Eu apenas não contava com o furacão Amélia rompendo pela porta da sala, com sacolas cheias de compras e um sorriso enorme no rosto.
— Geralmente eu não costumo fazer nada... Mas esse ano com você aqui Clary, é diferente! – dizia enquanto eu a ajudava a cortar alguns ingredientes.
— O Andrew não gosta desse tipo de data, não é...?
— Ele não se importa, pra ser sincera. – Amélia responde.
Passo o dia ajudando na cozinha. – Arrumamos a mesa, e ela até trouxe uma árvore de Natal para decorar.
— Foi de última hora, mas acho que vai ficar bonito... – diz.

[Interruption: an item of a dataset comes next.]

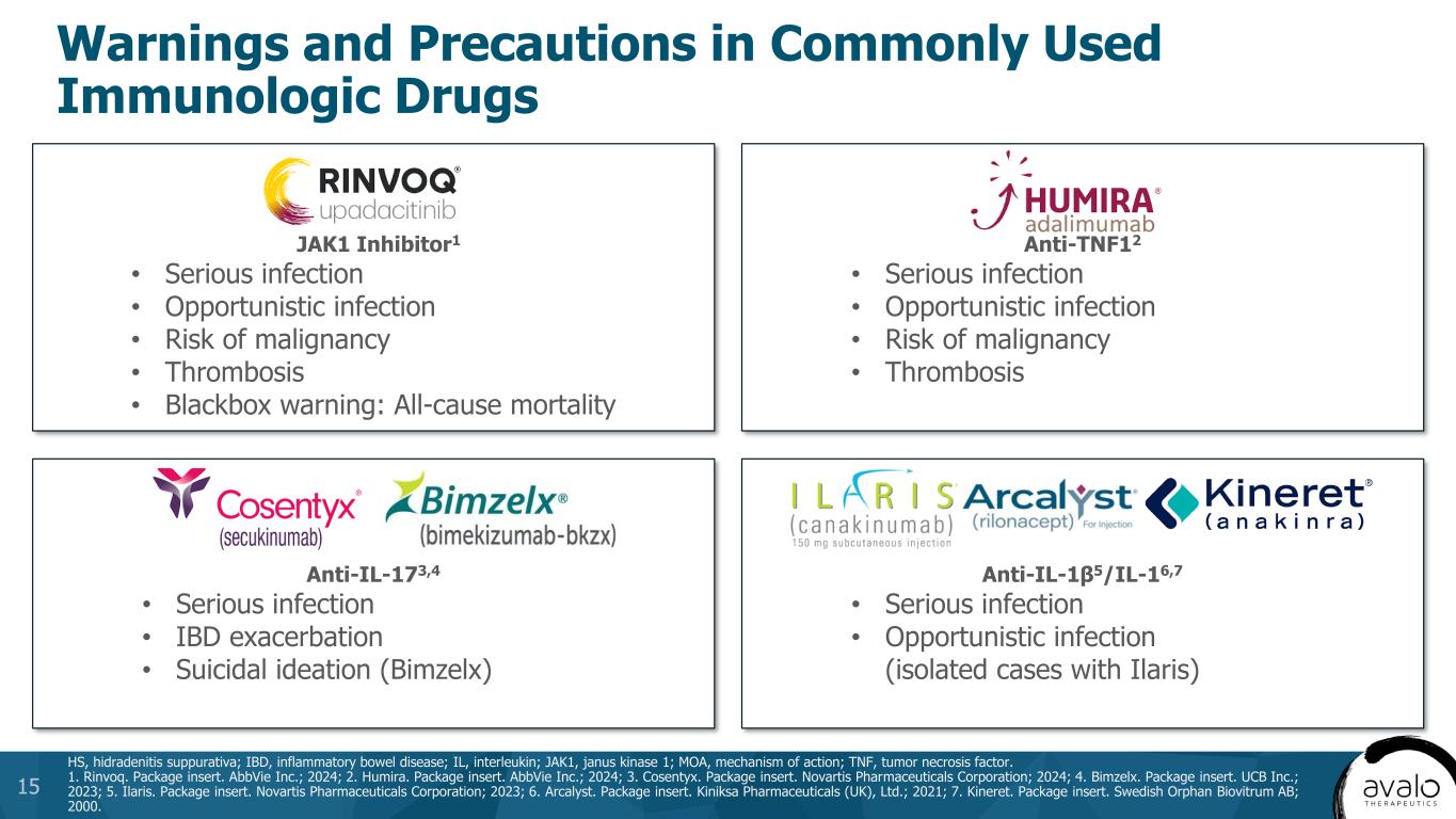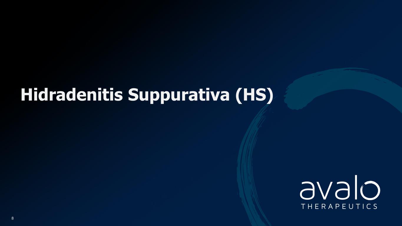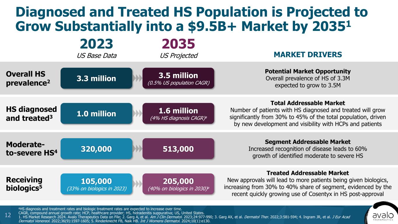 Overall HS prevalence2 HS diagnosed and treated3 Moderate- to-severe HS4 Receiving biologics5 Diagnosed and Treated HS Population is Projected to Grow Substantially into a $9.5B+ Market by 20351 aHS diagnosis and treatment rates and biologic treatment rates are expected to increase over time. CAGR, compound annual growth rate; HCP, healthcare provider; HS, hidradenitis suppurativa; US, United States. 1. HS Market Research 2024. Avalo Therapeutics Data on File; 2. Garg A, et al. Am J Clin Dermatol. 2023;24:977-990; 3. Garg AX, et al. Dermatol Ther. 2022;3:581-594; 4. Ingram JR, et al. J Eur Acad Dermatol Venereol. 2022;36(9):1597-1605; 5. Rinderknecht FB, Naik HB. Int J Womens Dermatol. 2024;10(1):e130. 12 2023 US Base Data 2035 US Projected Potential Market Opportunity Overall prevalence of HS of 3.3M expected to grow to 3.5M Total Addressable Market Number of patients with HS diagnosed and treated will grow significantly from 30% to 45% of the total population, driven by new development and visibility with HCPs and patients Segment Addressable Market Increased recognition of disease leads to 60% growth of identified moderate to severe HS Treated Addressable Market New approvals will lead to more patients being given biologics, increasing from 30% to 40% share of segment, evidenced by the recent quickly growing use of Cosentyx in HS post-approval MARKET DRIVERS 3.3 million 3.5 million (0.5% US population CAGR) 1.0 million 1.6 million (4% HS diagnosis CAGR)a 320,000 513,000 205,000 (40% on biologics in 2030)a 105,000 (33% on biologics in 2023)

Já pelo cair da noite ela me dispensa da cozinha. – Vou até a sala para decorar nossa árvore. – Ela é de tamanho médio, e vejo ao seu lado uma caixa de enfeites.
Me sento no chão mesmo e começo a decorar. – Me sinto cansada depois de passar o dia inteiro na cozinha, mas não deixo o desânimo me abater.
Enquanto penduro os enfeites me recordo de natais passados. – Em que eu e mamãe fazíamos isso juntas. – Se eu soubesse que a perderia, teria me dedicado mil vezes mais a esses momentos.
Só percebo que estou chorando quando sinto as lágrimas molharem o tecido da minha blusa. – No mesmo momento em que levo o dorso da mão ao rosto para secar a porta se abre.
Tento disfarçar o choro, mas Andrew já me viu. – Me concentro ao máximo em pendurar os enfeites e tento não fazer contato visual.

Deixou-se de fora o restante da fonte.